• Proposed Regional Wastewater Treatment Plant (WwTP) to cater for 500,000 population equivalent (PE);
  • Associated outfall pipeline and orbital sewer linking the proposed WwTP to the existing regional sewer network and to provide future connections for identified developing areas within the catchments;
  • Preferred construction methodologies include open cut trenching, trenchless technologies and offshore pipeline installation.

Irish Water is working to deliver the Greater Dublin Drainage Project to serve the Greater Dublin Area, which includes North Dublin and parts of the surrounding counties of Kildare and Meath. The amount of wastewater generated in greater Dublin is projected to increase by over 50% in the period to 2050. This wastewater must be collected and treated so that the treated water can be safely returned to the environment. Greater Dublin Drainage is about providing long term sustainable wastewater drainage and treatment for the Greater Dublin Area (GDA).

The GDD project proposes a new regional wastewater treatment facility to be located in the townland of Clonshaugh in North County Dublin, an underground orbital sewer from Blanchardstown to Clonshaugh, a new pumping station at Abbotsown, a partial diversion of the north fringe sewer, and an outfall pipeline to return the treated water to the Irish Sea. The project also includes a regional sludge treatment centre at the new GDD facility and an associated biosolids storage facility at Newtown near Kilshane Cross.

The Greater Dublin Drainage project will:

  • safeguard public health
  • improve and protect the environment
  • facilitate employment, social progress & economic growth in the wider Dublin region.

From a community perspective, there are clear and long-term benefits in terms of health protection, opportunities for health improvements and access to services.
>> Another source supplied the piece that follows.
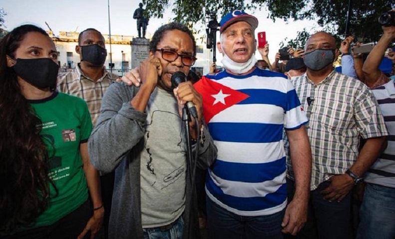 El presidente cubano Miguel Díaz-Canel violó las medidas higiénico-sanitarias establecidas en Cuba contra el coronavirus Covid-19 durante su asistencia al Parque de Trillo a un acto contra el plantón ante la manifestación pacífica en las afueras del Ministerio de Cultura en La Habana.

The delivery of this project will result in significant improvements in the level of customer service in terms of supply.

The proposed project will facilitate the continued development of the Greater Dublin Area. There is the potential for socio-economic gains, including economic growth and residential development. There is the potential for increased employment and reduced unemployment. There will also be benefits in terms of social health, including decreased social inequality.

Economic benefits will be realised through operational cost savings made from a reduction in wastewater treatment costs.

The rising mains for the pipeline are designed as full welded high-pressure mains suitable for the variable ground conditions encountered along the route, which is designed to minimise maintenance and repair. The pipeline will be backfilled above the pipe surround using excavated on-site materials, thereby minimising the amount of imported backfill materials required.

The proposed construction methods were chosen for a number of reasons, including the reduction of waster materials generated as a result of the construction works. Trenchless methodologies are proposed at locations which would otherwise result in a significant generation of waste. Trenchless methodologies are also proposed at crossings of significant roads and railways ensuring minimum disruption to traffic.

Furthermore, the construction of outfall pipeline is proposed to be carried out using trenchless methodologies for the entire land-based section of the outfall. It is proposed to construct the subsea section of the outfall using dredging and a “float and sink” method. This construction methodology will require the dredging of the seabed to create a trapezoidal trench ~5m deep and 5m wide at the base. The excavated material will be returned to the trench once the pipe is in place. This construction technique will ensure that there will be no waste generated for this section of the outfall.